Exercise:
When the line containing "Division dominoes include" is found in the data below, copy it and each line after it through the line containing "Caloric Content: 1225 kcal/kg, 191 kcal/can", exactly and with no others.

Supplied data:
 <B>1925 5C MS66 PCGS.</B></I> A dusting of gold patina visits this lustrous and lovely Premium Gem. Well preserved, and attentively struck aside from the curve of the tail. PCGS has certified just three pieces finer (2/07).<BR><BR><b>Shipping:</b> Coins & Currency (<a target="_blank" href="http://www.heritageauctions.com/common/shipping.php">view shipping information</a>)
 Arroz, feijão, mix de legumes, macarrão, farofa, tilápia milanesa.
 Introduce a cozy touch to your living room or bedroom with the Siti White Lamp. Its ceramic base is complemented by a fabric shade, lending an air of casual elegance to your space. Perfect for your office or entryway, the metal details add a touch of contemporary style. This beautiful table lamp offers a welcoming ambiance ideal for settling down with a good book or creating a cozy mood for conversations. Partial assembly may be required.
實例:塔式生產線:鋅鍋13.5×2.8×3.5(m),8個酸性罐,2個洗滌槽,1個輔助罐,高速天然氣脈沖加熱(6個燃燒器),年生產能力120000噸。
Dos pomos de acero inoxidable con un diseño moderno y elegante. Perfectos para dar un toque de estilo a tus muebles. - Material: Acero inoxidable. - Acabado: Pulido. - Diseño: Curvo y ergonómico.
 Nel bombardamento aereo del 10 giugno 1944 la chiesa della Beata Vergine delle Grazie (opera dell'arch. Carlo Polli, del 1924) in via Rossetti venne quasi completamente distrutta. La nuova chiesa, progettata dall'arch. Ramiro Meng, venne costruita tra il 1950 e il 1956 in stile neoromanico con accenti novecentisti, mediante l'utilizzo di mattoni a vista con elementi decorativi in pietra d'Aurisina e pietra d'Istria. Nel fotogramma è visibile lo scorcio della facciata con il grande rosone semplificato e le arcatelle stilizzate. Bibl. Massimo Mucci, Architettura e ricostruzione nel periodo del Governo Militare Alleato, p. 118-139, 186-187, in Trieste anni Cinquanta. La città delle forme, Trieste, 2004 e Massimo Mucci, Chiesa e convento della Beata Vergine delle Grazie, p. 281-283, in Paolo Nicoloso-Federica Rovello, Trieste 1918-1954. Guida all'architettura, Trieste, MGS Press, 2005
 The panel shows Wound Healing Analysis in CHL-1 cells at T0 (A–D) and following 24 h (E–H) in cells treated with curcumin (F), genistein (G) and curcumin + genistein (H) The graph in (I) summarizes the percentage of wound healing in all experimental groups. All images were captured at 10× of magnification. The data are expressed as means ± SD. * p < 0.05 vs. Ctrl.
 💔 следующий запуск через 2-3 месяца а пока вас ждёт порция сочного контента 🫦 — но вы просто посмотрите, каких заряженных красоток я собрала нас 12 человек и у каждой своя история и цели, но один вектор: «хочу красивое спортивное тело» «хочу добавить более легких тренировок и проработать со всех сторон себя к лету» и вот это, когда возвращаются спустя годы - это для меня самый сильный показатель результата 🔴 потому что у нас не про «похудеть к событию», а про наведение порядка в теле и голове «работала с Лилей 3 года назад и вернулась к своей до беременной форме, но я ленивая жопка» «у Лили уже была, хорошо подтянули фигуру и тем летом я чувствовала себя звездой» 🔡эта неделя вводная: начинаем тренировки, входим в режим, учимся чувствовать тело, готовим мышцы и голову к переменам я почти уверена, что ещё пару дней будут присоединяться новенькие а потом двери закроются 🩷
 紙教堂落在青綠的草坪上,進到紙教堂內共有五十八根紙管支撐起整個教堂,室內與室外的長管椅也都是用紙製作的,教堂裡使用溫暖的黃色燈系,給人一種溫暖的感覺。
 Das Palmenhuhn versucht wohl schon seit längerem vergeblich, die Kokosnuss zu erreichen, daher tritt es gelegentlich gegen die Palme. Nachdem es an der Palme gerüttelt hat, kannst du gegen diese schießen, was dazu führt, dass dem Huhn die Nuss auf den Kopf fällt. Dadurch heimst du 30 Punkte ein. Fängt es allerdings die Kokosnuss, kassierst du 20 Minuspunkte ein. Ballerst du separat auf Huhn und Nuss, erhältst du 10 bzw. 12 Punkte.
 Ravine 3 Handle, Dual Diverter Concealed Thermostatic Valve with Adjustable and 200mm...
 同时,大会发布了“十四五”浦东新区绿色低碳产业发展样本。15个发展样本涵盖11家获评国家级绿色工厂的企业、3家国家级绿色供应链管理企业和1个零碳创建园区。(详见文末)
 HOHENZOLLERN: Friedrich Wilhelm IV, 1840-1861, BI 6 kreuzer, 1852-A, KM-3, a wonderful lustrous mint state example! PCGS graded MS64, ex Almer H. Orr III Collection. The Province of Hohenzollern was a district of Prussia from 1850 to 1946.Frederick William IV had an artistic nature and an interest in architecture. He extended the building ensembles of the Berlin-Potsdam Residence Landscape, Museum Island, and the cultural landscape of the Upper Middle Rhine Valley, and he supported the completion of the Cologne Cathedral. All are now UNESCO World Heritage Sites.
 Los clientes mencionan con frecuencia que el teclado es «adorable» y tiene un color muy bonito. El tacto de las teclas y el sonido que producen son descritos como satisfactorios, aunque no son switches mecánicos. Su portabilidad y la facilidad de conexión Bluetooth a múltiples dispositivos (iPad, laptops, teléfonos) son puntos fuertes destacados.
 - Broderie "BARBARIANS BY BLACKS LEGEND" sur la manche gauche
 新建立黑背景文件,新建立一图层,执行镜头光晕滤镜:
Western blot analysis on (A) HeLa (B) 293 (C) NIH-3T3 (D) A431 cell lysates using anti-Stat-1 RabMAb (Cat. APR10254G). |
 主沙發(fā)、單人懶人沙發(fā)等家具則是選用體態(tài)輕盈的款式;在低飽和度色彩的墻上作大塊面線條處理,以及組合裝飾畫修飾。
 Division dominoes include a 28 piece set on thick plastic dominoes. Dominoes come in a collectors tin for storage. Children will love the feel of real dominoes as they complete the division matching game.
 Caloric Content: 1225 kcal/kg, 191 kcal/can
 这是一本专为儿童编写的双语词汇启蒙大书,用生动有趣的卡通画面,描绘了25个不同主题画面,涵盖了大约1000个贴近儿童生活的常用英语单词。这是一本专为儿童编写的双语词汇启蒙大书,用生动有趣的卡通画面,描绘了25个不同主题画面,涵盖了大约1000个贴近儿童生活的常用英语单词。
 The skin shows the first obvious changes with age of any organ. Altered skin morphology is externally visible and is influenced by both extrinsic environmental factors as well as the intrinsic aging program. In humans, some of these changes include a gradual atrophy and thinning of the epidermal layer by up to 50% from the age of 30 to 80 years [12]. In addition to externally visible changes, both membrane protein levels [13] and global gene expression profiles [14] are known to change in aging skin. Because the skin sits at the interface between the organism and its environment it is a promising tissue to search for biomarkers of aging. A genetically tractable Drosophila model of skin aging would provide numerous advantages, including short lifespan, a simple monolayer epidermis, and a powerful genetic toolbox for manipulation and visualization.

Written solution:
 Division dominoes include a 28 piece set on thick plastic dominoes. Dominoes come in a collectors tin for storage. Children will love the feel of real dominoes as they complete the division matching game.
 Caloric Content: 1225 kcal/kg, 191 kcal/can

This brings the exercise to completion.